The CID includes an external dimension focused on international projection, aimed at building resilient supply chains, including through free trade agreements and other forms of cooperation and partnership. In this context, the European Commission has recently launched two initiatives: the Global Energy Transition Forum and the Clean Trade Investment Partnerships (CTIPs). The former seeks to unlock private investment and accelerate renewable energy adoption through concrete projects, while the latter aims to complement the EU’s network of trade agreements with a more flexible, targeted approach that allows the negotiation of mini trade deals focused on the energy transition. 

It is clear that, in a context where the EU pursues its climate neutrality goals and the transition involves adopting net-zero technologies largely produced in China and other third countries, addressing relations with these countries is vital to manage the political consequences of the European green transition, where a balance will need to be found between de-risking and decarbonisation, especially with regard to supply chains and trade relations.  

The CID is also based on a key principle that sees competitiveness and decarbonisation as intrinsically linked. Competitiveness must necessarily be based on the EU’s ability to play a relevant and leading global role political-diplomatic and economic-industrial levels. In other words, the energy transition can and must be an opportunity for Europe to assert itself internationally, rather than losing competitiveness compared to other global powers. 

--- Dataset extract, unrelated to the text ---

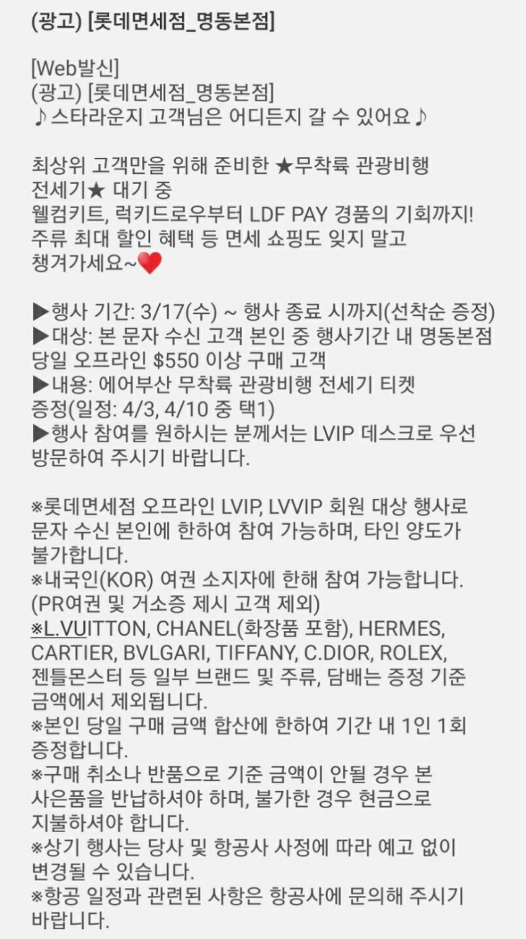 [Web발신] (광고)롯데면세점 주말에는, 패밀리세일DAY^o^♬ ▶명동본점 패밀리 SALE! ㄴ일시 : 7. 16(토) ~ 17(일) ① 1/3/6/10만원 금액 할인 ($100/200/400/800이상 구매시) ② 화장품/향수 할인 최대 40%! (SK2, L

The strength of the Green Deal 

These four elements are found within the Green Deal. While some aspects may be controversial or disputed, the very existence of such a robust and comprehensive plan such as the Green Deal, built on these pillars, reflects the foresight of those shaping Europe’s industrial and economic strategy in line with the global challenges that are increasingly present and tangible in everyday life, from climate change to tariffs. 

Europe’s response to Trump’s tariffs should therefore not be one of deregulation or simplification of its policies under pressure from external interests. Instead, it should focus on consolidating strategies that allow Europe to strengthen these four dimensions: energy autonomy, industrial competitiveness, the ability to attract investment and global leadership in the transition. 

Only by managing these pillars with strategic consistency can Europe strengthen its industrial position, respond to the real concerns of people and businesses regarding energy costs and access to technologies, and assert itself as a truly autonomous geopolitical power in the face of pressure from both the United States and China.